> [Work instructions]
Leave out the pictures, then return the records word for word.

Records excerpted from a collection
-*-*-
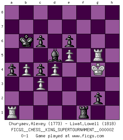Last move : 0-1 2018 May 15 12:51:19 [Event "FICGS__CHESS__KING_SUPERTOURNAMENT__000002"] [Site "FICGS"] [Date "2018.05.01"] [Round "1"] [White "Churyaev,Alexey"] [Black "Liwat,Lowell"] [Result "0-1"] [WhiteElo "1773"] [BlackElo "1818"] 1.e4 e5 2.f4 exf4 3.Nf3 Be7 4.g3 g5 5.d4 fxg3 6.hxg3 h5 7.Qd2 g4 8.Nh4 d5 9.e5 Nh6 10.Bd3 Bxh4 11.Rxh4 Nf5 12.Bxf5 Bxf5 13.Nc3 Nc6 14.a3 Be6 15.Ne2 Qe7 16.Nf4 O-O-O 17.b4 Bf5 18.c3 Be4 19.a4 Bf3 20.Kf2 Rde8 21.Ba3 Qg5 22.Bc1 Nd8 23.Qb2 Qf5 24.a5 c6 25.Be3 a6 26.Rc1 Ne6 27.Nxe6 fxe6 28.Bf4 Qd3 29.Qc2 Qc4 30.Re1 Be4 31.Qd2 Ref8 32.Ke3 Rf5 33.Re2 Kc7 34.Reh2 b6 35.axb6+ Kxb6 36.Re2 Ra8 37.Re1 a5 38.Ra1 a4 39.Ra3 Raf8 40.Qe2 Rxf4 41.gxf4 Rxf4 42.Qxc4 Rf3+ 43.Ke2 dxc4 44.Rxh5 Rh3 45.Rg5 g3 46.Ke3 Bd5 47.Kf4 g2 48.Ra1 Rf3+ 49.Kg4 Rf1 0-1 KGA : Cunningham defense Queenside Castling by player Black (move 16) Player Black won this chess game. Follow this game move after move (download)For me, Chess is life and every game is like a new life. Every Chess player gets to live many lives in one lifetime. (Eduard Gufeld) Spielt Blackmar-Diemer-Gambit, und das Matt kommt von selbst! (Emil Joseph Diemer) No solamente yo pronostico su triunfo sobre Botvinnik, sino que me adelanto y digo que probablemente Fischer es el jugador de Ajedrez mas grande que haya existido. (John Collins) Le plus grand jeu de l'esprit jamais inventé, plus vous l'apprenez, plus vous y prenez du plaisir. (Garry Kasparov) If you ain't just a little scared when you enter a casino, you are either very rich or you haven't studied the games enough. (Pappy)
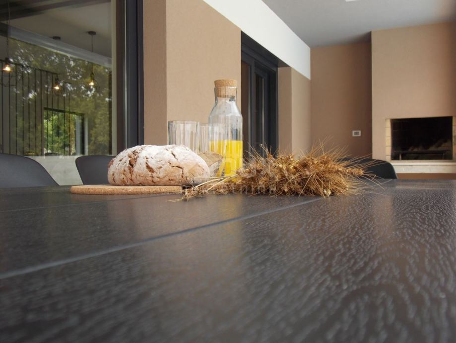Svaka je prostorija opremljena klima uređajem te kaminom na kruta goriva u dnevnom boravku. Vanjska stolarija je PVC s automatskim podizačima aluminijskih roletni. Na podovima je kvalitetna keramika te laminat u spavaćim sobama.
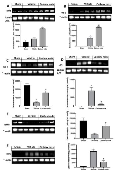 Western blot analysis of tissue sections collected from sham rats displayed basal Nrf2 expression, whereas in vehicle-treated rats, it was increased. Cashew nuts administration increased the expression of this transcription factor (Figure 5A). The same trend was observed for the HO−1 expression (Figure 5B): vehicle-treated rats showed increased HO-1 levels, as compared to the sham rats. Western blot analysis showed increased HO−1 in cashew nuts administered rats. We also evaluated the Ikb-α/NF-kB expression. I/R injury reduced Ikb-α (Figure 5C) and NF-kB expression in cytosol (Figure 5E), inducing increased NF-kB expression in the nucleus (Figure 5D). Cashew nuts restored Ikb-α expression in cytosol (Figure 5C) and reduced NF-kB levels into the nucleus (Figure 5D). Cashew nuts administration was able to reduce iNOS expression, which was upregulated in vehicle group as compared to tissues from sham animals (Figure 5E).
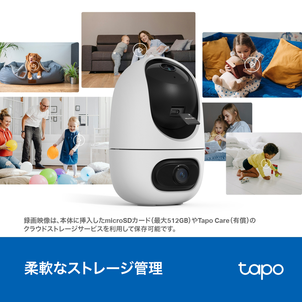 - 安全なローカル&クラウドストレージ:録画映像は、本体に挿入したmicroSDカード(最大512GB/別売り)†や30日間の動画履歴を利用できるTapo Care(有償)のクラウドストレージサービス‡を利用して保存可能です。
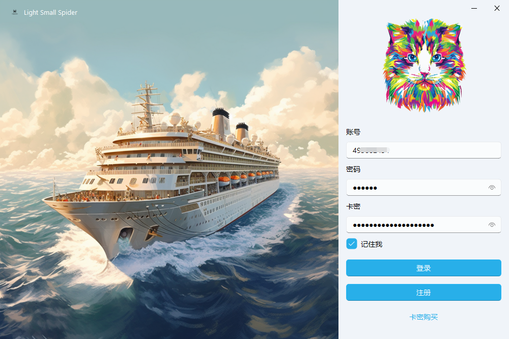 第一次登录,请先点击【注册】按钮,注册完之后,就有了账号和密码。然后点击下方的【卡密购买】按钮,选择适合自己的收费方式,获取卡密。
-*-*-
> [Task output]
Last move : 0-1 2018 May 15 12:51:19 [Event "FICGS__CHESS__KING_SUPERTOURNAMENT__000002"] [Site "FICGS"] [Date "2018.05.01"] [Round "1"] [White "Churyaev,Alexey"] [Black "Liwat,Lowell"] [Result "0-1"] [WhiteElo "1773"] [BlackElo "1818"] 1.e4 e5 2.f4 exf4 3.Nf3 Be7 4.g3 g5 5.d4 fxg3 6.hxg3 h5 7.Qd2 g4 8.Nh4 d5 9.e5 Nh6 10.Bd3 Bxh4 11.Rxh4 Nf5 12.Bxf5 Bxf5 13.Nc3 Nc6 14.a3 Be6 15.Ne2 Qe7 16.Nf4 O-O-O 17.b4 Bf5 18.c3 Be4 19.a4 Bf3 20.Kf2 Rde8 21.Ba3 Qg5 22.Bc1 Nd8 23.Qb2 Qf5 24.a5 c6 25.Be3 a6 26.Rc1 Ne6 27.Nxe6 fxe6 28.Bf4 Qd3 29.Qc2 Qc4 30.Re1 Be4 31.Qd2 Ref8 32.Ke3 Rf5 33.Re2 Kc7 34.Reh2 b6 35.axb6+ Kxb6 36.Re2 Ra8 37.Re1 a5 38.Ra1 a4 39.Ra3 Raf8 40.Qe2 Rxf4 41.gxf4 Rxf4 42.Qxc4 Rf3+ 43.Ke2 dxc4 44.Rxh5 Rh3 45.Rg5 g3 46.Ke3 Bd5 47.Kf4 g2 48.Ra1 Rf3+ 49.Kg4 Rf1 0-1 KGA : Cunningham defense Queenside Castling by player Black (move 16) Player Black won this chess game. Follow this game move after move (download)For me, Chess is life and every game is like a new life. Every Chess player gets to live many lives in one lifetime. (Eduard Gufeld) Spielt Blackmar-Diemer-Gambit, und das Matt kommt von selbst! (Emil Joseph Diemer) No solamente yo pronostico su triunfo sobre Botvinnik, sino que me adelanto y digo que probablemente Fischer es el jugador de Ajedrez mas grande que haya existido. (John Collins) Le plus grand jeu de l'esprit jamais inventé, plus vous l'apprenez, plus vous y prenez du plaisir. (Garry Kasparov) If you ain't just a little scared when you enter a casino, you are either very rich or you haven't studied the games enough. (Pappy)
Svaka je prostorija opremljena klima uređajem te kaminom na kruta goriva u dnevnom boravku. Vanjska stolarija je PVC s automatskim podizačima aluminijskih roletni. Na podovima je kvalitetna keramika te laminat u spavaćim sobama.
 Western blot analysis of tissue sections collected from sham rats displayed basal Nrf2 expression, whereas in vehicle-treated rats, it was increased. Cashew nuts administration increased the expression of this transcription factor (Figure 5A). The same trend was observed for the HO−1 expression (Figure 5B): vehicle-treated rats showed increased HO-1 levels, as compared to the sham rats. Western blot analysis showed increased HO−1 in cashew nuts administered rats. We also evaluated the Ikb-α/NF-kB expression. I/R injury reduced Ikb-α (Figure 5C) and NF-kB expression in cytosol (Figure 5E), inducing increased NF-kB expression in the nucleus (Figure 5D). Cashew nuts restored Ikb-α expression in cytosol (Figure 5C) and reduced NF-kB levels into the nucleus (Figure 5D). Cashew nuts administration was able to reduce iNOS expression, which was upregulated in vehicle group as compared to tissues from sham animals (Figure 5E).
 - 安全なローカル&クラウドストレージ:録画映像は、本体に挿入したmicroSDカード(最大512GB/別売り)†や30日間の動画履歴を利用できるTapo Care(有償)のクラウドストレージサービス‡を利用して保存可能です。
 第一次登录,请先点击【注册】按钮,注册完之后,就有了账号和密码。然后点击下方的【卡密购买】按钮,选择适合自己的收费方式,获取卡密。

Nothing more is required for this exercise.